She was briefly a coworker of mine, but I doubt she'd remember. ;^) It was back in 1999-2001.

5drneutron
May 9, 2025, 9:45 pm

>4 tungsten_peerts: wow, that’s pretty cool that you worked with her.

6tungsten_peerts
May 10, 2025, 5:17 pm

>5 drneutron: It was at scifi.com. The ~2 years I was there sorta straddled the Internet bubble bursting ...

7tungsten_peerts
May 13, 2025, 1:00 pm

So recent additions to my life include:

- playing piano (not so recent any more -- I started maybe 3 years ago);
- baseball (this is not new but a very unexpected resurgence of a passion from my childhood -- what's happening to me?);
- tea (I've been a coffee guy my whole life ... what the hell?)
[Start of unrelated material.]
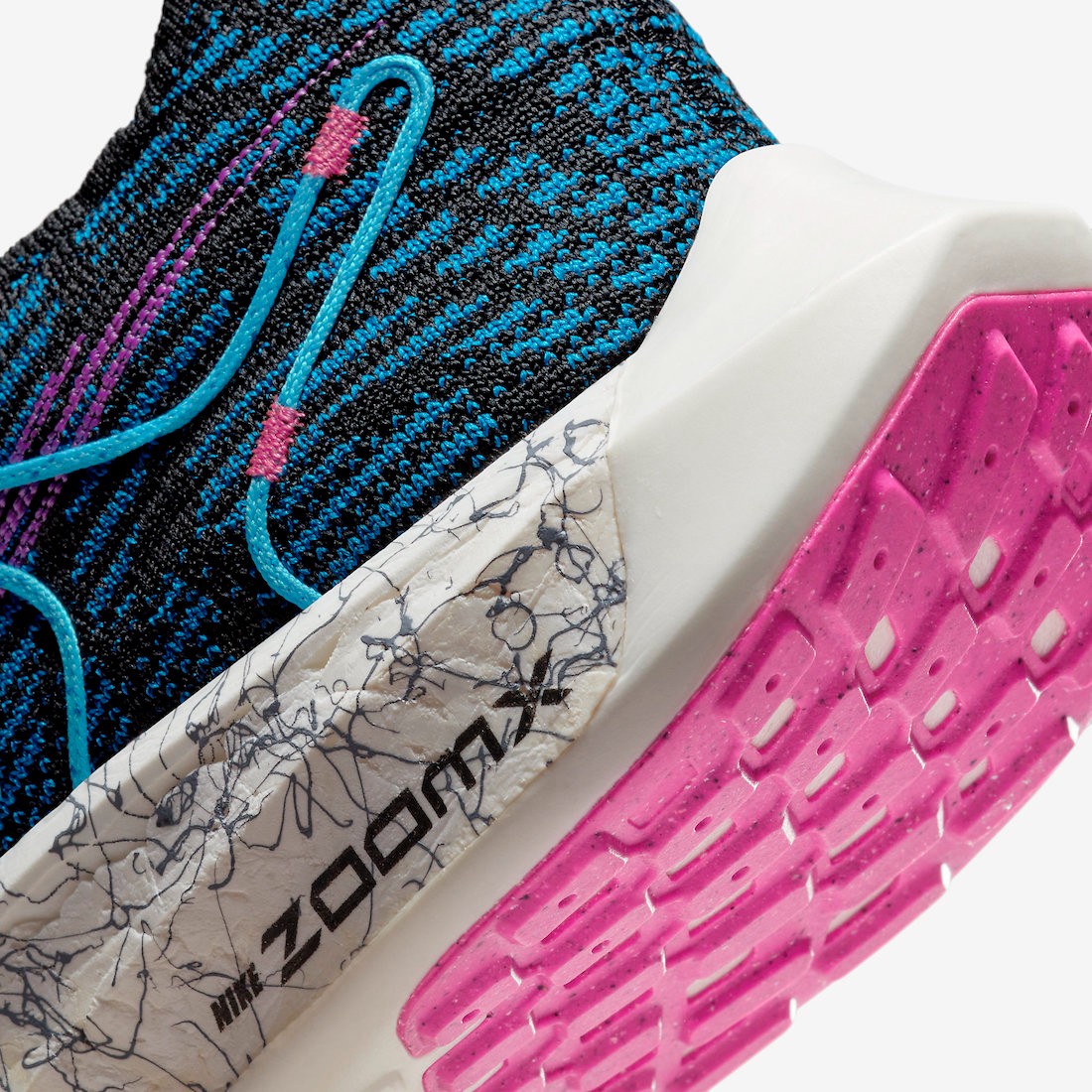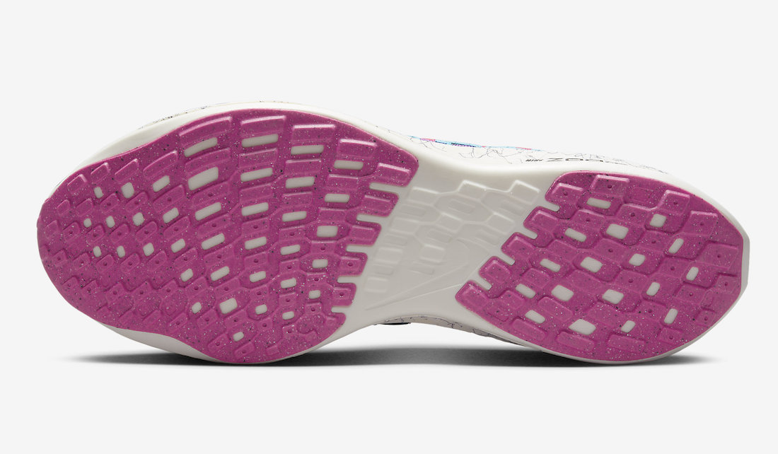 中底科技搭载 ZoomX 缓震泡棉,上面印有纹理图案以及 Nike 风车标志,彰显 Nike 的可持续发展战略。

Baseball and piano are kind of warring at the moment: when I get home from work (recently had to start coming in 5x/week -- thanks, Donald) I am typically too tired to have much concentration for sitting at the keyboard. I'm trying to move this boulder; however, I have in recent weeks too often given up and tuned in to a Cincinnati Reds game.

8scaifea
May 13, 2025, 7:43 pm

>7 tungsten_peerts: What sorts of teas are you drinking these days, then?

9tungsten_peerts
May 13, 2025, 8:28 pm

>8 scaifea: I got a Chinese tea sampler from Upton & so far I really, really like the Keemun. I also 'like' the Pu Erh, though I guess I can see why one ... wouldn't. ;)

10scaifea
May 14, 2025, 6:45 am

>9 tungsten_peerts: Oh, I've never tried Keemun, but it sounds lovely. I'll let you have the Pu Erh, though...

11tungsten_peerts
Edited: May 14, 2025, 10:35 am

>10 scaifea: This is the Keemun I am liking, for what it's worth.

12scaifea
May 14, 2025, 11:46 am

>11 tungsten_peerts: Thanks! I'm usually a Twinings gal (and also Harney & Sons, and occasionally Taylors), but I like the look of Upton's website. I may have to make an order.

13LizzieD
May 14, 2025, 12:05 pm

Hi, t_p! I just noticed that your first thread is a Stave, so that meant that I needed to make a visit. I'm a life-long pianist except for the past 10 years or so when I was looking after my aged mother with no piano. (I noodled with a student cello during COVID just to have something musical to do.) I encourage both of us to sit on the bench if only 15 minutes a day to work on a measure or two just to keep mind and fingers in.

I also just read The Lost Girls at the end of which the author writes about visiting the last living one, Janetta Parladé, and taking her a Fortnum Mason tin of teas. She politely rejected it saying that she was afraid she drank only China tea. He said that maybe her guests might like it. She said, "It's a pretty tin though."

AND I'm a scifi, fantasy, and horror fan, so I'll be back to see what you're reading. Enjoy LT!

14tungsten_peerts
May 14, 2025, 1:07 pm

>13 LizzieD: Hi back, LD! in the interest of full disclosure (sometimes this has served me ill) I have to admit that I took the 'stave' mention from Dickens' A Christmas Carol. I remember wondering as a young'n: "so what in hell's a stave?" :^)

15tungsten_peerts
Edited: May 18, 2025, 11:29 am

Just started the first volume of Joseph Frank's five-book study of Dostoevsky ... because I have no life ... all I do is read and watch baseball and try to not let piano practice depress me.

Maybe I should read someone more ... uplifting! ha ha ha. Never been very good at that. :^)

16PaulCranswick
May 18, 2025, 8:45 pm

Welcome to the group t_p (I like that Peggy!).

Another tea (and coffee) lover here. Lapsang Souchong is probably my smoky favourite but I do also enjoy being refreshed by Earl Grey.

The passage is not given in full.